Je me suis adapté à d autres produits. J’ai plusieurs identités parce que je ne fais que du costume : pas de ceintures, pas de chaussures ni d imperméables… Avec 300 coupes, je peux faire des milliers de costumes, j’offre le choix d’une rapidité, d’une coupe et de prix.
Peut-on revenir sur le produit, le domaine où vous faites référence ? Qu’est-ce qui justifie la différence de prix entre deux costumes ? La matière ? La façon ?

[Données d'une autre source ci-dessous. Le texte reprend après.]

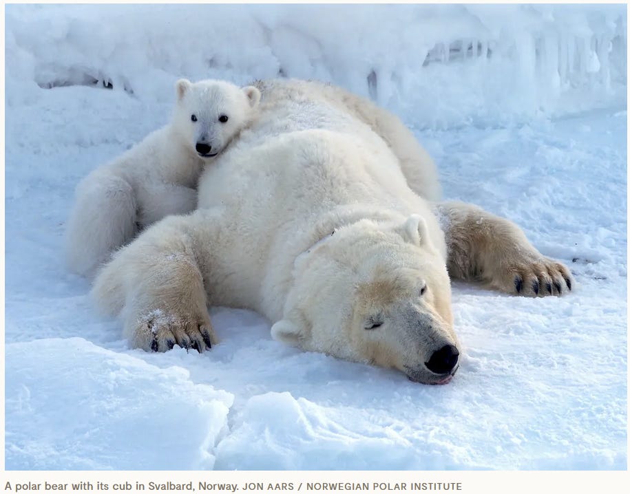 Svalbard, a Norwegian-administered archipelago in the high Arctic, has seen rising temperatures and major ice loss in recent years. A new study analyzed variation in polar bear body size as recorded during captures and weighing of 770 bears across Svalbard from 1995 through 2019. To their surprise, they found that the local polar bears have become fatter in recent years, indicating good health despite rapid environmental change. The broader Barents Sea polar bear population even appears to be increasing! Svalbard’s polar bears seem to have made an unexpectedly fast transition from hunting seals on sea ice to hunting land-based prey such as reindeer, walruses, and seabird eggs. A fascinating new example of climate adaptation!

Prenons une toile de laine bleue magnifique et un fresco. Il y a une différence de 15 euros au mètre, soit 45 euros pour un costume disons 50 à 70 euros selon les costumes. Les deux tissus ont une identité, et les deux sont très bien. Il y en a peut être un qui gratte plus, et l autre qui fait plus authentique, mais il n y a que moi pour voir cela. Ou des amateurs. Ensuite, il y a une fabrication : les piqûres main, les boutonnières aux manches, la piqure dans le dos, celle sur le côté : disons 100 euros de différence. Ce qui fait 150 euros de différence. Après, parlons par exemple d’une façon à 300 euros et une autre à 600, et multipliez par la marge… (Il suspend son geste et sa parole)… et là vous arrivez à un prix de 1000, de 3000, ou de 5000.

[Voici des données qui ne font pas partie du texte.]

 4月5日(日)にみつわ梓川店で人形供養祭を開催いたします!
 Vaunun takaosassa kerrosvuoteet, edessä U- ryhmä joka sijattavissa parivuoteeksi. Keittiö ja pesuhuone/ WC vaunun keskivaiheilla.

Voilà la différence. Le costume est presque le même, et la différence repose sur presque rien. Après, ce qui est intéressant, c’est la coupe, qui peut être moderne ou classique. Dans le traditionnel comme chez Kiton ou chez Belvest, c’est vieux. C’est chic, très bien fait, mais c’est vieux : c’est un métier qui se meurt. Dans l’autre c’est moins bien fait mais c est jeune et il y a le style. C’est parfois immoral de mettre 4000 euros pour un costume qui en vaut 1000. En revanche quand vous allez chez un tailleur comme Caraceni, Anderson & Sheppard ou d’autres, c’est le prix il y a quelques tailleurs qui demandent beaucoup plus cher, et on se demande pourquoi vu que ce n’est pas mieux. C’est le client qui doit gagner, pas le tailleur : le tailleur doit savoir choisir et savoir faire.

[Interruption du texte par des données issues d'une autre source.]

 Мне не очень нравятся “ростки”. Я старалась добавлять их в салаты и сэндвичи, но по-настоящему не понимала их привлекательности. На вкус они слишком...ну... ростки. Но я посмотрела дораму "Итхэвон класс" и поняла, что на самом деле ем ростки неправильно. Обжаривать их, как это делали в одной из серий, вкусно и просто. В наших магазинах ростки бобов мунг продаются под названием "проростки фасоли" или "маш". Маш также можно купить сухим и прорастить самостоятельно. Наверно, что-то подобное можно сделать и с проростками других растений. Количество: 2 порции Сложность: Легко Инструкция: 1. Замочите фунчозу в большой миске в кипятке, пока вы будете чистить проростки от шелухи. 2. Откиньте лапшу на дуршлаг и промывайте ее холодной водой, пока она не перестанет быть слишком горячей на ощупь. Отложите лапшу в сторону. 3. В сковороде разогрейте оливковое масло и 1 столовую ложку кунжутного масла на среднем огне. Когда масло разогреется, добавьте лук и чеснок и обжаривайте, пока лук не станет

Pourquoi ne pourrait-on pas faire une belle coupe moderne avec une belle fabrication traditionnelle, à l’ancienne ?
Parce que l’une et l’autre ont leur identité. Il y en a une qui rattrape l’autre, et à un moment ça revient, c est comme en F1 : c était McLaren, puis c est Ferrari… Mais à la fin, celui qui a raison c’est toujours celui qui vend ».
(1) Arthur & Fox 40 rue Vignon 75008 ; Arthur & Fox, 44 rue du Bac 75007; Arthur & Fox 13 rue Marbeuf 75008 ; Delaunay, 159 rue du Vieux Colombier 75006 ; Fox, 20 rue du Vieux Colombier 75006 ; Julie Barnes, 44 rue du Bac 75007 ; Barnes, 61 av.Victor Hugo 75016 ; Demersay, 133 rue de la Pompe 75016.